Ответ произвел желаемое действие. Унтер засмеялся, потрепал Дзержинского по плечу и сказал:
– Очень уж у вас характер раздражительный, господин
Дзержинский, даже пошутить с вами нельзя. Гордость в вас большая. Думаете, найдете начальника лучше меня? Не найдете, дорогой. Я еще промеж нашим братом голубем чистоты считаюсь, кротким, так сказать, агнцем, а вы нос воротите. Лучше бы те деньги, что вы костоправу за ложное свидетельство заплатили, нам бы на мясо. И солдату хорошо, и конвойному не плохо, да и вы бы в накладе не остались, ей-богу. Ну, останетесь тут следующего этапа ждать, – а какой толк?
Дзержинский молчал.
– То-то, что гордость заедает, – продолжал этапный. –
Вы все, политики, гордые, потому уголовным жить на этапах куда просторнее. Платят и сами живут, и другим жить дают. Конечно, среди нас тоже есть звери. Я разве спорю? Есть очень характерные, но только не так уж много.
Давать надо. Дадите – и каторга другая станет.
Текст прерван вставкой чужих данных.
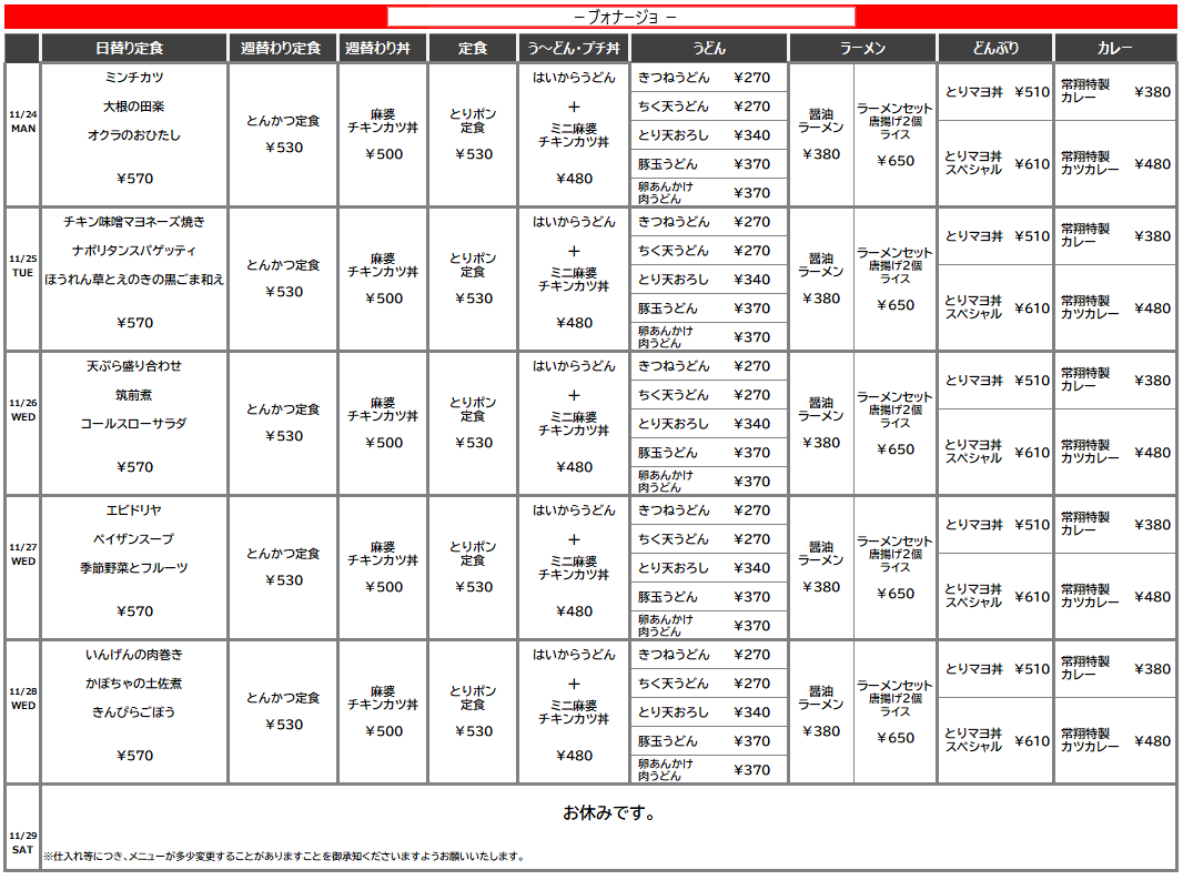 【摂南大】寝屋川:ブォナージョ 11月24日からの1週間メニュー

Не узнаете!
Так-то, господин Дзержинский..
На следующее утро Власыч и Дзержинский проводили этап, попрощались с товарищами, выслушали пожелания счастливой удачи, подождали, пока этап тронется, и вернулись в продымленную, вонючую избу. До вечера спали, набираясь сил для предстоящего пути, в сумерках поели простывшей картошки, скользкой и противной, похлебали супу с хлебом, покурили. Время тянулось томительно долго, говорить было решительно не о чем, обо всем уже переговорили, все было ясно, кроме самого главного: выйдет или не выйдет, поймают или не поймают, – но об этом что ж говорить!
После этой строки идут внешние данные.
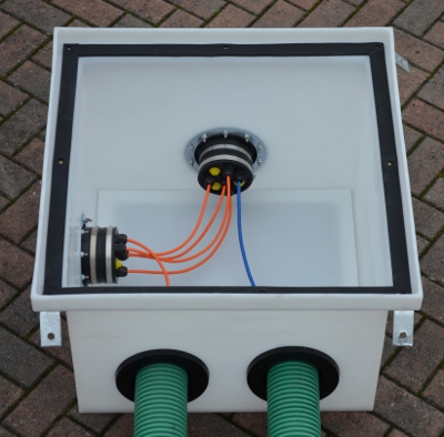 Manufactured from strong rotationally moulded polyethylene the chambers will not corrode. The riser can be easily cutdown to suit site burial deoths and the base is easily drilled to fit watertight ChamberTite duct boots and pipe glands. This maintains the watertightness of you chamber after fitting pipes and electrical connections. Once installed all equipment is accesible within the chamber for maintenance and inspection.

Чтобы не обращать на себя внимания солдата-инвалида, спавшего в сенцах, вылезли в низкое окошко в колючие кусты, поцарапались и переждали не проснулся ли солдат. Потом задами, мимо сараев, проваливаясь в какие-то ямы, через заборы зашагали к церковной площади. На Дзержинского почему-то вдруг напал смех, и оттого, что Власыч шипел на него, делалось еще смешнее, а Власыч сердился и говорил, что это безобразие – смеяться в такие минуты...
Дошли до церкви, ветхой и покосившейся, миновали лабаз, колодезь, начали спускаться к реке. Чем ближе была река, тем плотнее сгущался туман; теперь он стоял сплошной белой стеной...
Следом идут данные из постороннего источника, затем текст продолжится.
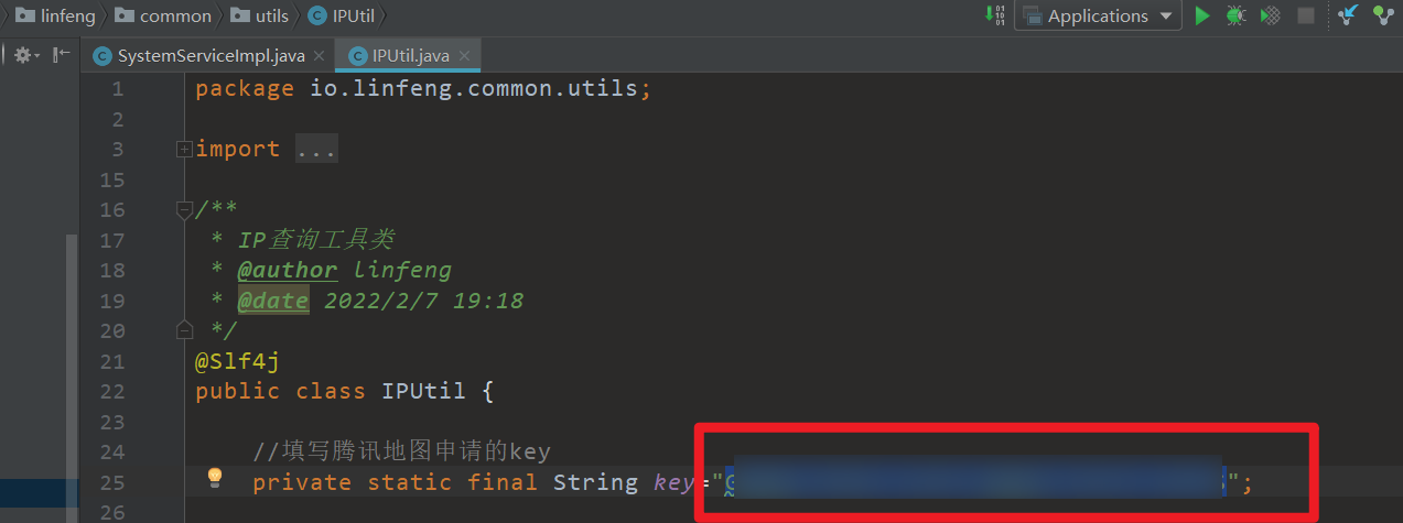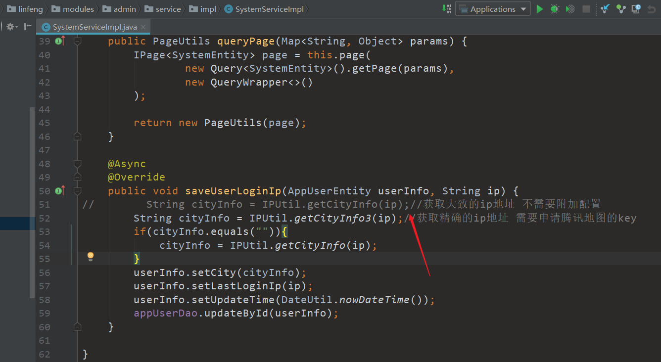 答:项目中使用的IP属地定位功能默认是免费版本的(一般来说足够用了)。如果你想用腾讯IP精准定位,那么如下图所示进行设置(注释51行,打开52-55行)。然后你需要去腾讯地图申请key。申请地址:https://lbs.qq.com/dev/console/application/mine

– Ничего не понимаю, – сказал Власыч, – куда теперь идти.
Долго молчали, прислушивались, не залает ли хоть собака. Ничего не было слышно, гробовая тишина.
Направо ли идти, налево ли. Тишина, тьма, туман. Пошли вниз, и тут начались настоящие мучения. Как найти этот проклятый пень, к которому давеча утром привязали лодку? Сейчас не было ни пня, ни лодки. Ходили по колени в воде, мокли, дрожали от холода, от сырости, от волнения.
Ничего глупее нельзя было придумать, чем такая история: потерять лодку, даже не отъехав от Верхоленска.
Власыч совершенно расстроился и измучился: лодки не было, точно она провалилась. А Дзержинский все время хохотал – до того, что даже Власыч не выдержал, тоже засмеялся. И тотчас же лодка нашлась. Она была тут, под самым носом, против того места, откуда они начали свои поиски.
– Видите, – сказал Дзержинский, – стоило вам только засмеяться, и лодка нашлась. .
Дзержинский сел на нос, Власыч взял в руки весло.